サンリオ、利益の9割は海外で稼ぐ V字回復支えた「ハローキティ」大転換=鳩山玲人常務は成功の影で何をしたか
2014年11月30日 16時00分更新
サンリオ取締役 鳩山玲人常務 写真:編集部
「ハローキティ」「キキララ」(リトルツインスターズ)などキャラクターで知られるサンリオは、決算資料を紐解けば、なんと営業利益の9割を海外で稼いでいるそうだ。知的財産シンポジウム「IP2.0シンポジウム」で27日、同社取締役の鳩山玲人常務が語った。
もともとは国内での女児向け玩具を中心とした物販事業がメインだったサンリオ。しかし物販は利益率が高くなく、2009年まで業績低迷が続いていた。しかしその後5年間で利益率の高い海外のライセンス事業に舵を切り、一気に利益率を延ばし、業績をV字回復させたのだという。

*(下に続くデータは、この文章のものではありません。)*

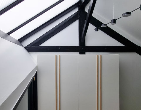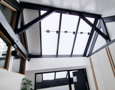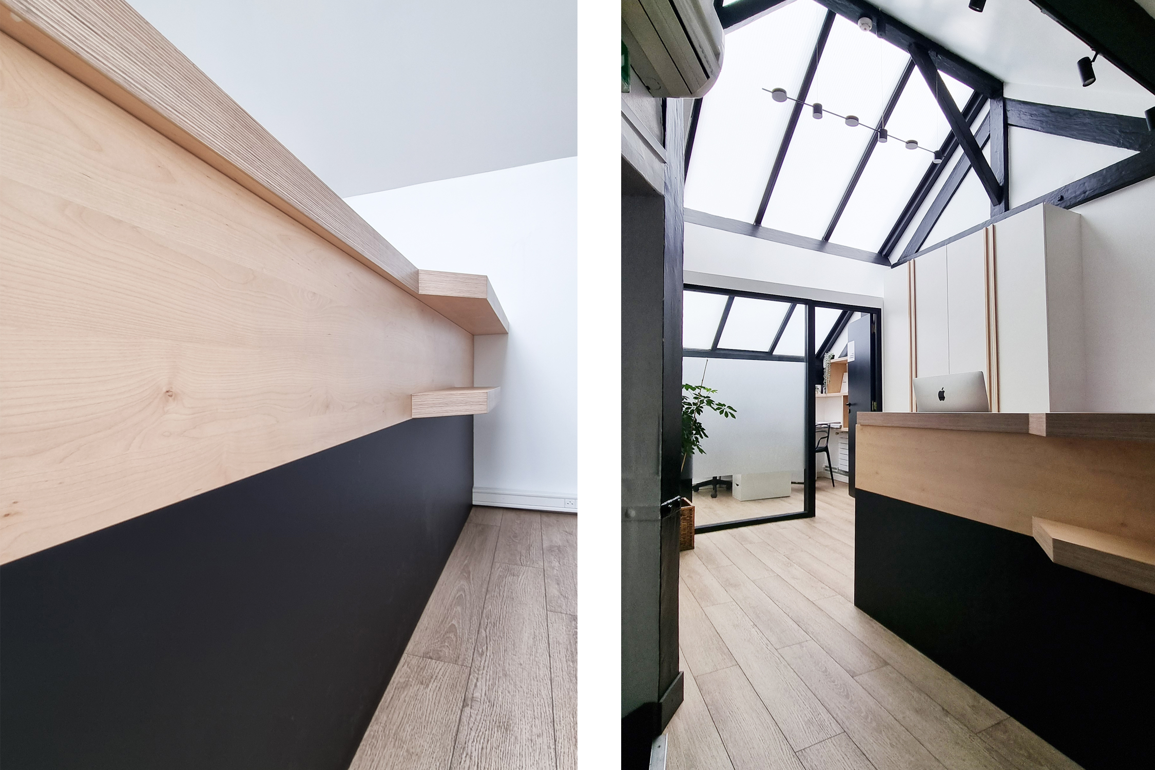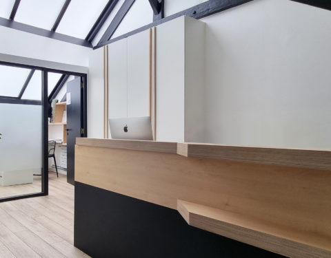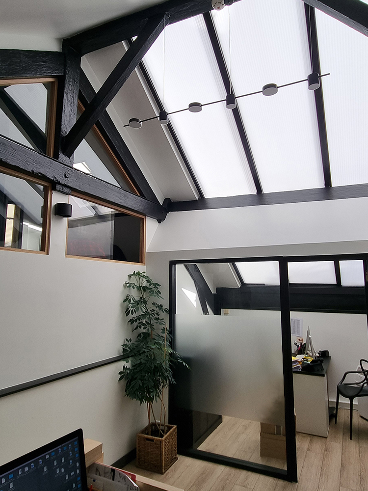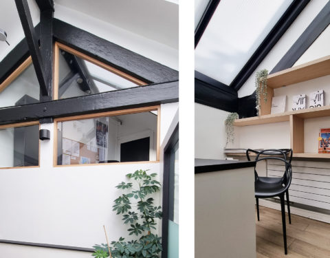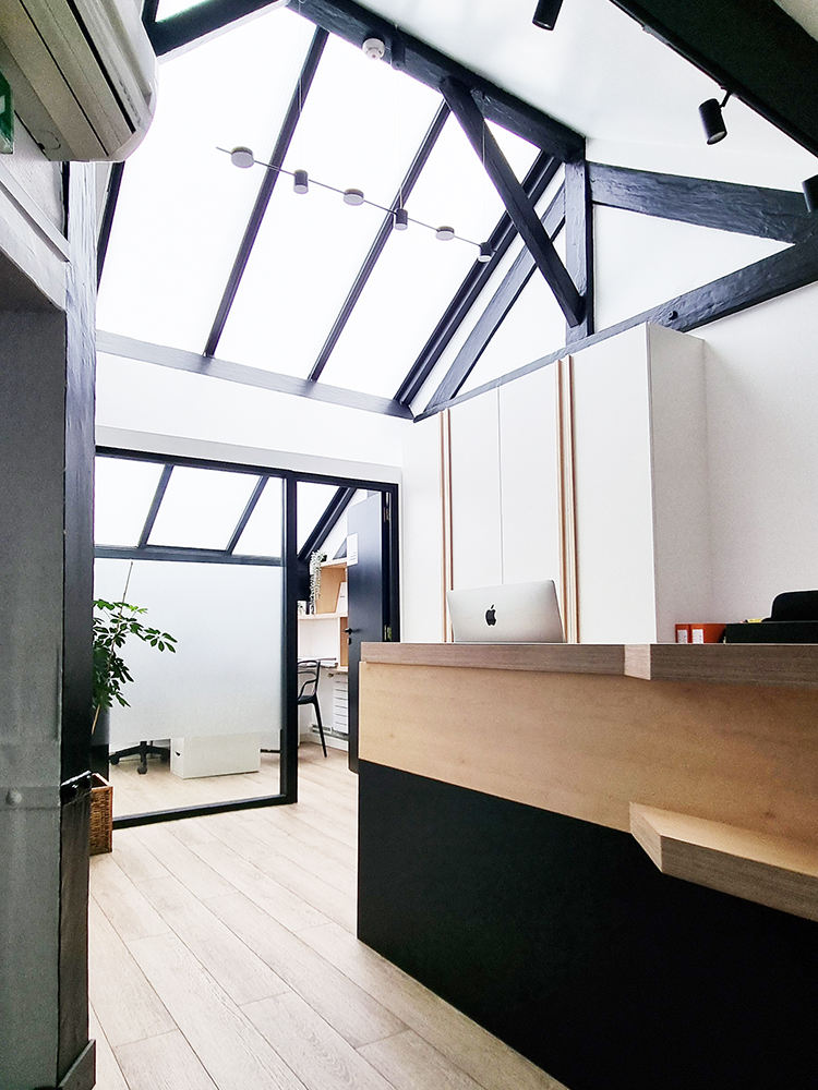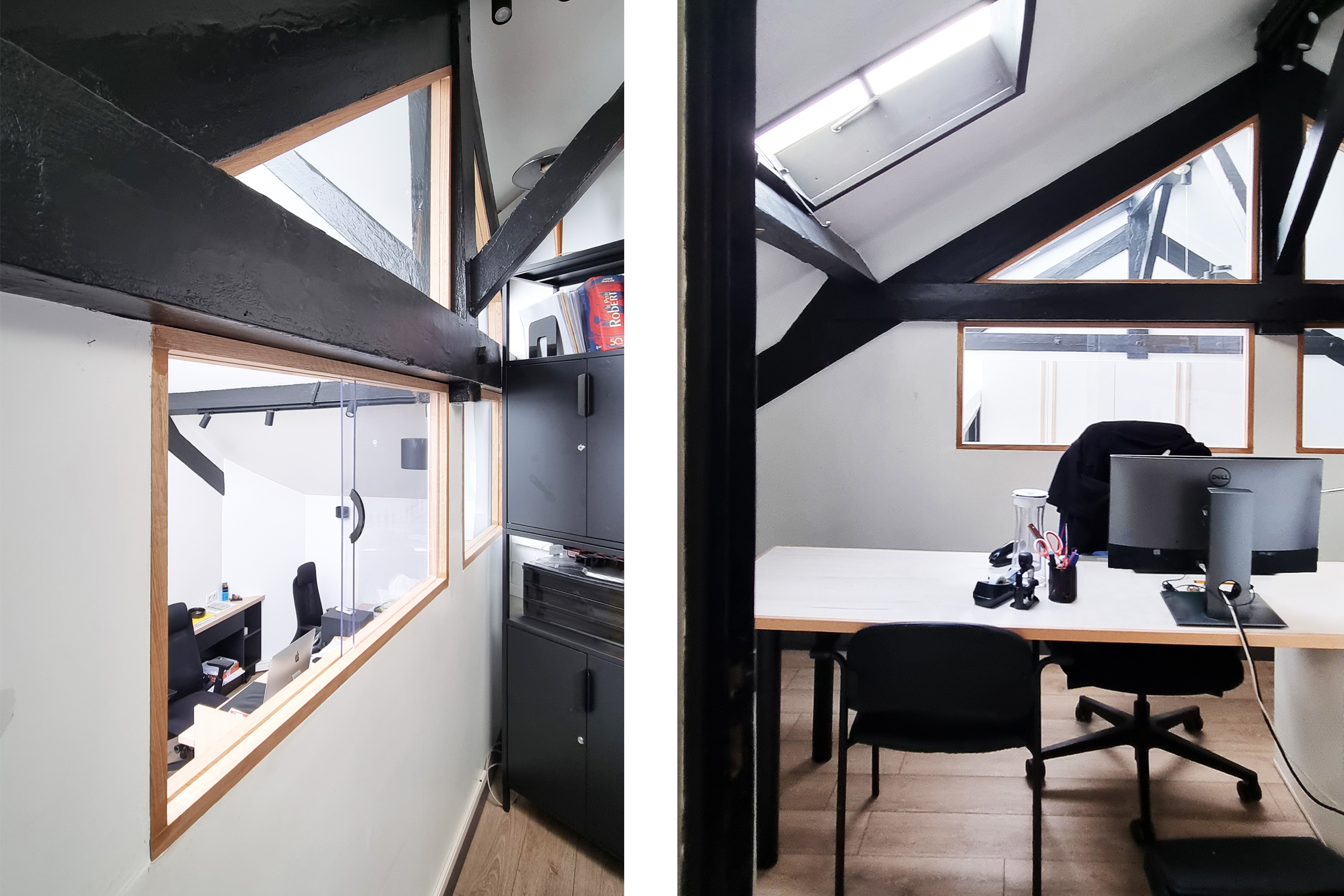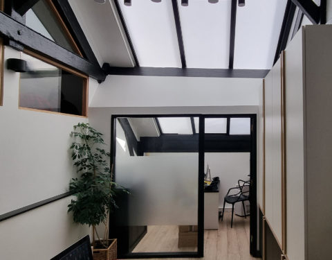 Celui-ci avait besoin de plus de confidentialité entre l’entrée des lieux et les bureaux. Il manquait aussi un bureau fermé pour les rdv. Nous avons pour cela fait des bureaux fermés avec un jeu de verrières et de cloisons vitrées pour laisser traverser la lumière du grand châssis vitré en toiture.

ポイントは看板商品「ハローキティ」のライセンス先をディーゼルやフォーエバー21など複数のアパレルブランドに振り向けたこと。レディ・ガガ、パリス・ヒルトン、アリアナ・グランデなど米セレブにファッションアイコンとして受け入れられ、女性向けのブランド商品に化けた。
サンリオは国内市場400億円規模の女児玩具産業で3〜4割のシェアをおさえているが、国内だけで9兆円近いアパレル産業を狙えば効率は上がる。
ハローキティの強みは、「四角いキティ」「ドクロマークのキティ」「なめこのキティ」など、いかに個性・特徴を消していっても最終的に「キャラクター」という枠で権利を確保できている点。世界で年間30〜40万点の商品を開発するため「権利管理はチャレンジング」(鳩山常務)だ。
たとえば「ミッフィー」のディック・ブルーナ、「スヌーピー」のシュルツなどは一切キャラクターの路線を変えさせなかった。一方でハローキティはロックバンドのKISSとコラボレーションしたりとやりたい放題にさせることで、アイコンとしてのブランド力を伸ばしていった。
年間10億円以上のリーガルコストを積んでいる「ハローキティ」はサンリオの重要な無形資産。いまや米国を代表する平均株価指数S&P500構成企業の資産は、8割が知財をはじめとする無形資産だと言われている。不動産のようにバランスシートには載らないが、知財はサンリオの事業分析になくてはならない存在となっている。
日本では固定資産をベースに企業資産を評価し、無形資産といえば「のれん代」が主だが、サンリオのような経営手法に照らせば、そうした考えは早々にあらためるべきなのだろう。